RECORDED DATA:
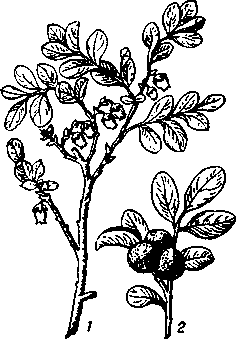 Голубика: 1— ветвь с цветками; 2 — ветвь с плодами
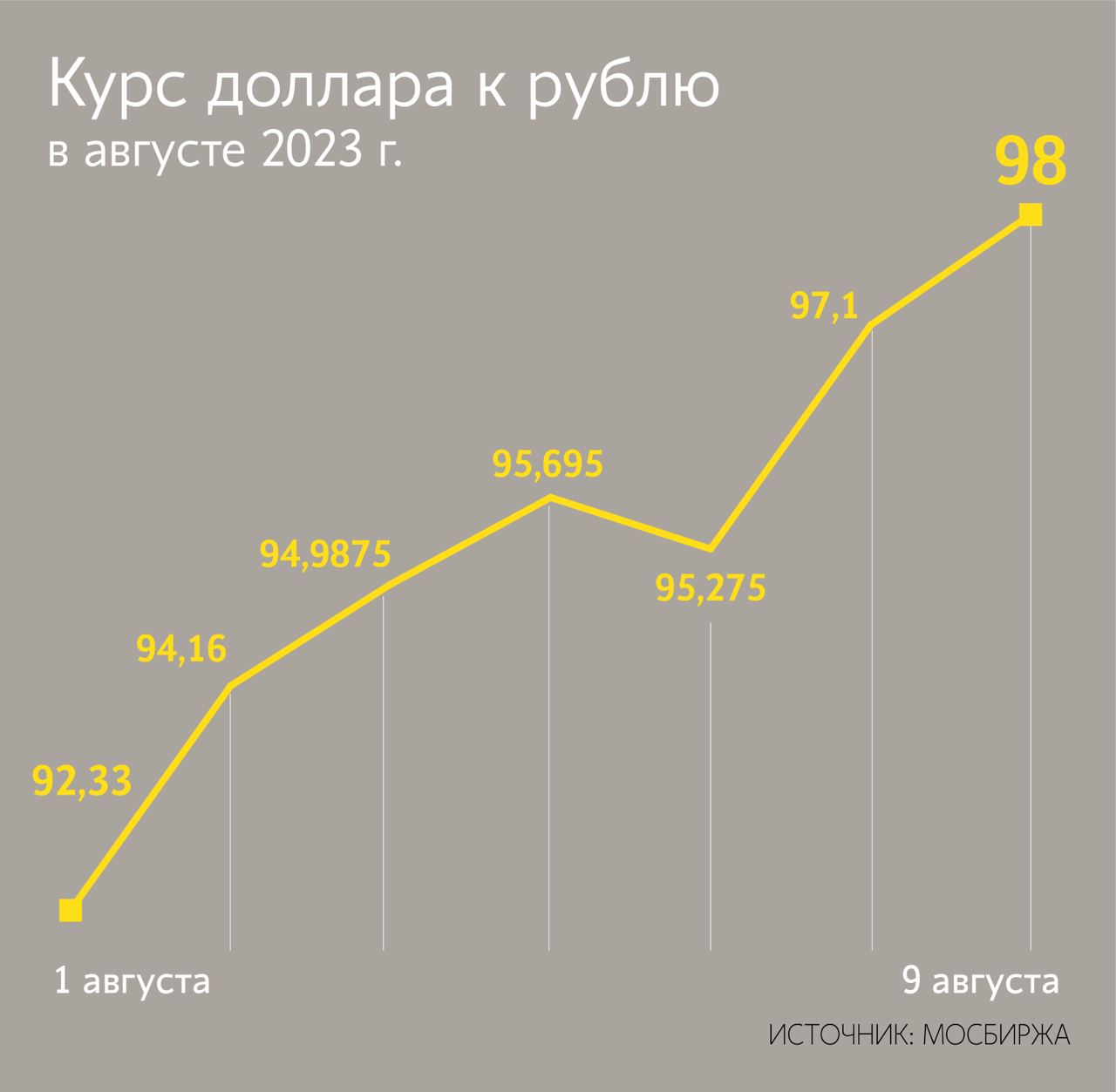 Avqustun 1-də dollar 92,33 rubl səviyyəsində ticarət olunurdu. Ötən 8 gün ərzində ABŞ valyutası 5,78% bahalaşıb.
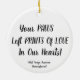 Keepsake Pet Photo With Typography Ornament. Introducing a Charming Round Ceramic Ornament, designed to hold your Cherished Pet's Photo with Ease. Simply Upload A PHOTO In Quick and Easy Steps. The Back of this Ornament Features the Heartfelt Script: ''Your PAWS Left PRINTS Of LOVE in Our Hearts''! Celebrating the Special Bond you share with your FURRY friend During this Holiday Season.
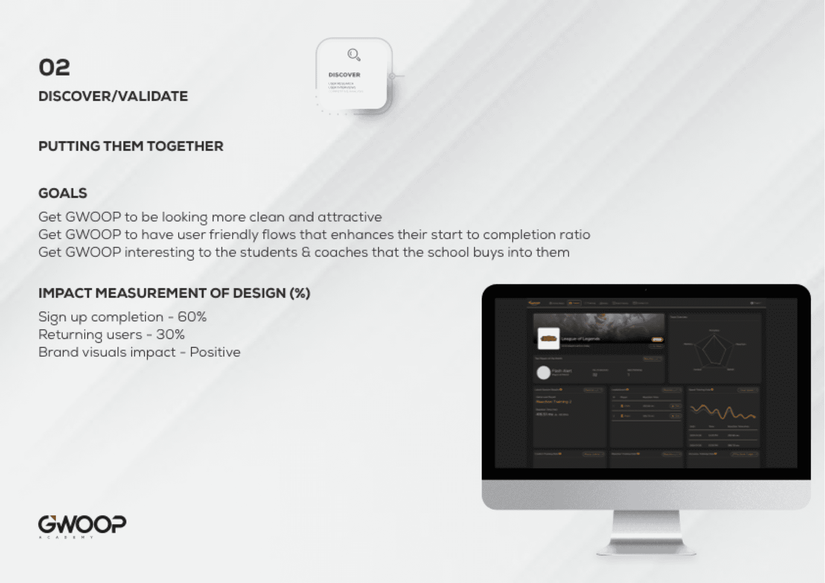 Impact measurement of design (%) Sign up Completion % jumped from 27% to 51% Dropoffs were reduced from 72% to 43% Returning users Users who came back jumped from 7% to 12% Brand visuals impact - Positive
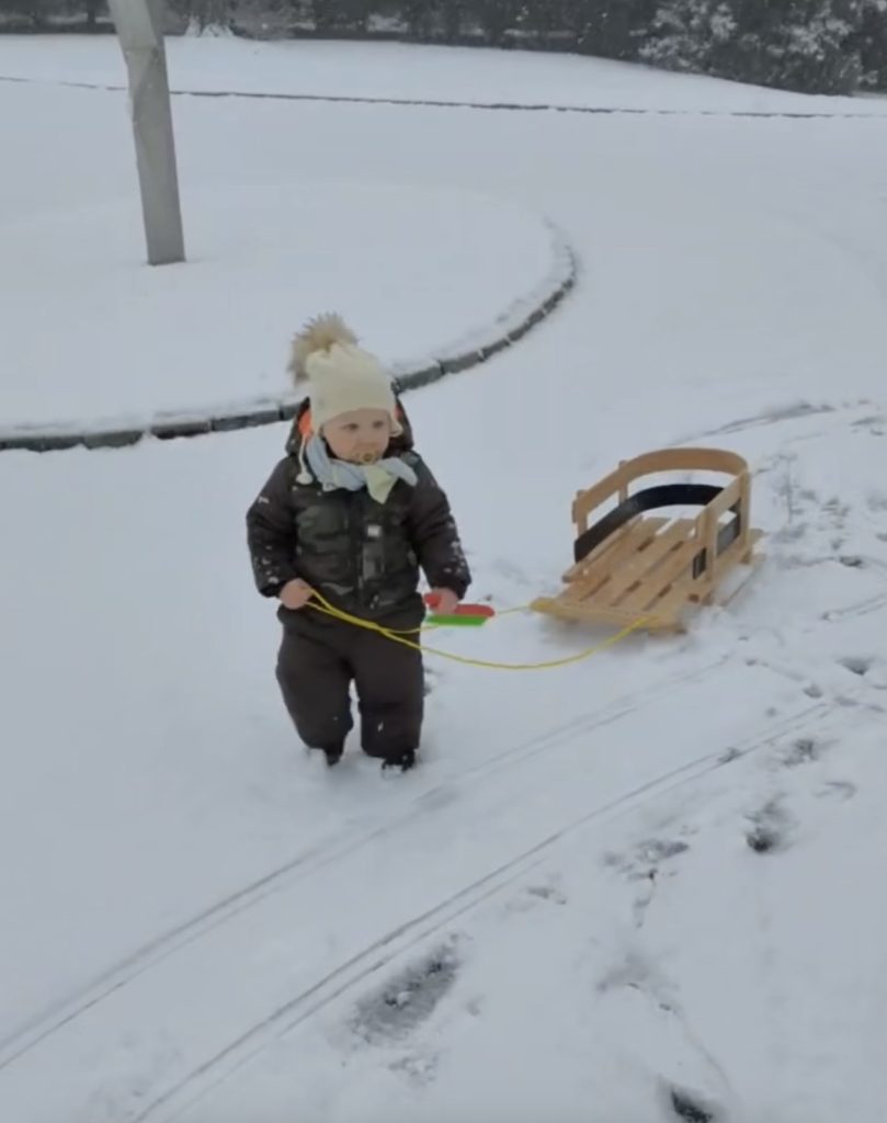 Wintry weather won’t keep this little snowman and his sled away! (yes I asked immediately where the heck are his gloves- they said he kept taking them off so they went inside)

TASK REQUIREMENTS: Skip the pictures and print each record exactly as it stands.

REPLY TO THE EXERCISE:
 Голубика: 1— ветвь с цветками; 2 — ветвь с плодами
 Avqustun 1-də dollar 92,33 rubl səviyyəsində ticarət olunurdu. Ötən 8 gün ərzində ABŞ valyutası 5,78% bahalaşıb.
 Keepsake Pet Photo With Typography Ornament. Introducing a Charming Round Ceramic Ornament, designed to hold your Cherished Pet's Photo with Ease. Simply Upload A PHOTO In Quick and Easy Steps. The Back of this Ornament Features the Heartfelt Script: ''Your PAWS Left PRINTS Of LOVE in Our Hearts''! Celebrating the Special Bond you share with your FURRY friend During this Holiday Season.
 Impact measurement of design (%) Sign up Completion % jumped from 27% to 51% Dropoffs were reduced from 72% to 43% Returning users Users who came back jumped from 7% to 12% Brand visuals impact - Positive
 Wintry weather won’t keep this little snowman and his sled away! (yes I asked immediately where the heck are his gloves- they said he kept taking them off so they went inside)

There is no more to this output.